The large scale of the seven figures, reaching a height of 18 feet, integrates them into the urban landscape and makes them visible in such a way as to invite even casual viewers to follow up to discover what is going on. Within the loose circle, the simplified forms of figures join together to beckon us, playing and dancing, and draw our focus to the uplifted child and the colorful sphere — the beacon of well-being of the title. The artist explains that the group represents all those at Summa who join forces for healing — medical and other staff, patients, families and other caregivers — and the 36-inch sphere, the beacon, represents the combined knowledge, learning, experience, and insight that the community generates to generate well-being.

Stephen Canneto has had a long career as an artist and remembers making objects and images even as a small child (here, he speaks about his trajectory to becoming an artist). He has lived and worked in Columbus since serving in the Air Force and then being employed by the U.S. Steel Corporation. It was in the latter capacity that he discovered his love of working large-scale and mastered the many skills and processes — from budgeting to planning to managing — that working at such scale requires. Many of his recent and current projects are commissions for exterior and interior sculpture or installations that require coordination with industrial fabricators and experience with techniques involving big machinery and equipment.

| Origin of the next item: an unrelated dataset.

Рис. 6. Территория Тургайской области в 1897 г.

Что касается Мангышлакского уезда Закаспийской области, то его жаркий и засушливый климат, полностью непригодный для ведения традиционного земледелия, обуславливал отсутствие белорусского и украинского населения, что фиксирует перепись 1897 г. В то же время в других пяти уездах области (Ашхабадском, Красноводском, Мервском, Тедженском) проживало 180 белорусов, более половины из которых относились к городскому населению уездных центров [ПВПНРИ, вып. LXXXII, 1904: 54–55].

Most of us automatically think of art as paintings on an easel in a studio, but, like many of the other works in the Summa Collection, Beacon of Well-Being is the product of a number of highly technical processes that have required the artist to learn both traditional and new methods of fabrication and to work with specialists who have access to industrial machinery and equipment, as well as large-scale spaces. This sculpture began as a maquette, a scale-model which represents subject-matter as well as materials and proportions (a video of the maquette for Beacon of Well-Being was submitted as the proposal for the juried competition for this commission). The maquette was then translated into a series of construction drawings of the individual parts of the sculpture, with materials, dimensions, and processes specified, and delivered to the fabricator (most artists have one or two fabricators with whom they collaborate regularly, as they develop a sense of trust and shared goals).

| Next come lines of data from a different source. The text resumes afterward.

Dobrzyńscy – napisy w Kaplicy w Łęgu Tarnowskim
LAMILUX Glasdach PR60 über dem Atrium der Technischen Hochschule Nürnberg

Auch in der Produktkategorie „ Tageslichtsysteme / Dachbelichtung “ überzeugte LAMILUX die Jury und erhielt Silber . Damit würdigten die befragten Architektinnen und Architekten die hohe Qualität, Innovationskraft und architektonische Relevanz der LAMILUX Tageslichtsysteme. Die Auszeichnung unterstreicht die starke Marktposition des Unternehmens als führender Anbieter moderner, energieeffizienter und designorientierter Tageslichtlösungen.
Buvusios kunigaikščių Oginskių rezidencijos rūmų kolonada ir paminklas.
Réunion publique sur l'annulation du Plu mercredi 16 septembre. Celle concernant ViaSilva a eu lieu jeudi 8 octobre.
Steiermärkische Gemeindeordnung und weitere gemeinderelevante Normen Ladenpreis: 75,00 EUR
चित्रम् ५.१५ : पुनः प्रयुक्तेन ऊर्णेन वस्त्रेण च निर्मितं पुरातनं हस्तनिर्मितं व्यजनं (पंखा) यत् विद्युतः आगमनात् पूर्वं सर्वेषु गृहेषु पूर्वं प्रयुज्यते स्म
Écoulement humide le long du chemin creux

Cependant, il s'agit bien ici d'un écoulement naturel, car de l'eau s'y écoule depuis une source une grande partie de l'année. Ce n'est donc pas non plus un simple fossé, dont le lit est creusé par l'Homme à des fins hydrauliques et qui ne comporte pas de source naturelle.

For the figures, the fabricator for Canneto used a plasma-cutting process, to cut the forms from sheets of stainless steel between 1/2” to 5/8” thick. Most of us don’t realize that artwork intended for life outdoors must also meet some basic engineering requirements for strength, durability, wind resistance, and other safety issues (how sharply edges are finished, for example). The surfaces of the flat forms were then protected with a temporary covering while they were shaped, welded together as needed, and then the surfaces were polished to a reflective sheen. The sphere was assembled somewhat differently, from stainless steel pipe cut to provide frame for the stained and dichroic glass panels, which were cut by water-jet. Finally each figure was placed in the envisioned relationship to one another as the artist made final adjustments to the parts and the whole. The entire work was then shipped in pieces up to Akron and installed in late April on the great lawn at Summa Health.

Canneto has created many sculptures and installations for places of healing and places of worship, consonant with his view of art as one way for us to understand one another better.  As part of his commitment to social justice, he became involved with incarcerated youth and for sixteen years directed Art for a Child Safe America, an organization designed to assist young people at risk of violence.

Where you can see more of this artist’s work:

A great overview of work by Stephen Canneto, some in collaboration with Judith Spater Canneto, can be found here. Canneto has done figural and abstract sculpture as well as mobiles and installations featuring dichroic glass in Columbus, Ohio (Mount Carmel Health Systems and Mull-Weithman Architects, as well as multiple public sculptures in downtown Columbus; in the Dayton Children’s Hospital and the Dayton Metro Library; in Rockville, Maryland, and in Coral Springs, Florida.